データ収集が始まるまでに5秒の遅れが生じるのは、この手法を初めて実行する学生に典型的なものです。定常状態アッセイは、進行曲線を適合させることによって決定される速度論的パラメータが、公表された結果と一致していることを示しています。この手順を試みる際には、鉄分が多すぎるとタンパク質の沈殿を引き起こすため、鉄分が多いほど良いわけではないことを覚えておくことが重要です。
タンパク質の3〜5モル過剰の鉄濃度で十分です。この手順に従って、学生は溶液の構造を測定したり、酵素や基質依存性の化学を調べたり、反応メカニズムに関する追加の質問に答えるための追加の実験を行うことができます。
本記事では、学部生の教育用ラボに適した、ポリヒスチジンタグ付き非ヘム鉄結合ジオキシゲナーゼの精製および再構成のプロトコルを紹介します。
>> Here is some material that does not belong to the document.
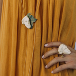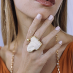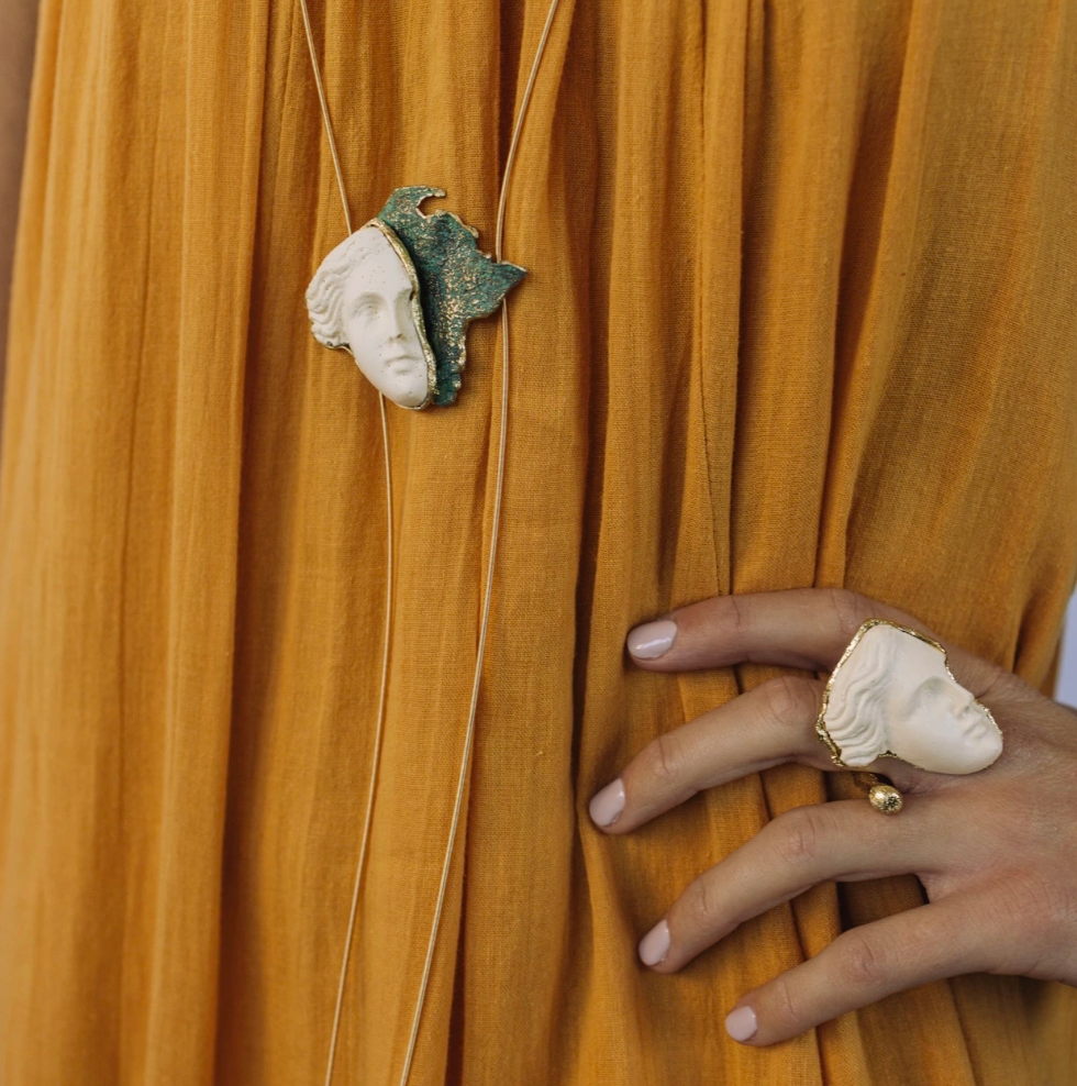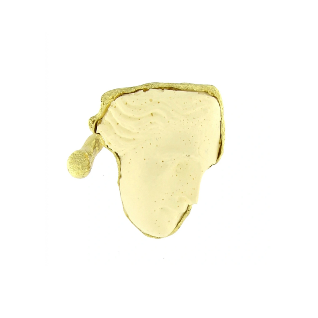 A bold tribute to classical beauty and the intimacy of imperfection. This statement ring captures the serene profile of Aphrodite, reimagined through a modern surrealist lens. Crafted in brass with a matte ivory resin stone, its gently fragmented form evokes the elegance of ancient sculpture unearthed and adored.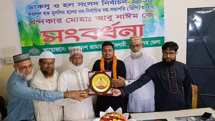 ঝিনাইদহ সংবাদদাতা ॥ ঢাকা বিশ্ববিদ্যালয় কেন্দ্রীয় ছাত্র সংসদ (ডাকসু) নির্বাচনে ফজলুল হক মুসলিম হলের নবনির্বাচিত সহসভাপতি (ভিপি) খন্দকার মো. আবু নাঈমকে সংবর্ধনা দেওয়া হয়েছে। বৃহস্পতিবার ঝিনাইদহ শহরের হামদহ এলাকায় এই সংবর্ধনা দেওয়া হয়।

この手法により、学生は酵素の構造と機能に関する重要な課題について探究することができます。
ベンチトップでの固定化金属アフィニティークロマトグラフィー(IMAC)およびポリヒスチジンタグ付きレドックス活性メタロ酵素の金属イオン再構成により、迅速かつ簡便なタンパク質精製と機能解析が可能になります。このワークフローは、特殊な設備を必要とせずに定量的で再現性のある酵素活性データを提供し、初期段階の探索を支援します。本手法は、バイオファーマの研究開発ポートフォリオに関連する鉄依存性酵素のメカニズム的なリスク低減およびターゲットバリデーションを促進します。
このベンチトップIMACおよび再構成プロトコルは、初期のターゲットバリデーションからアッセイ開発、さらには前臨床研究に至る創薬の連続的なプロセスに統合されます。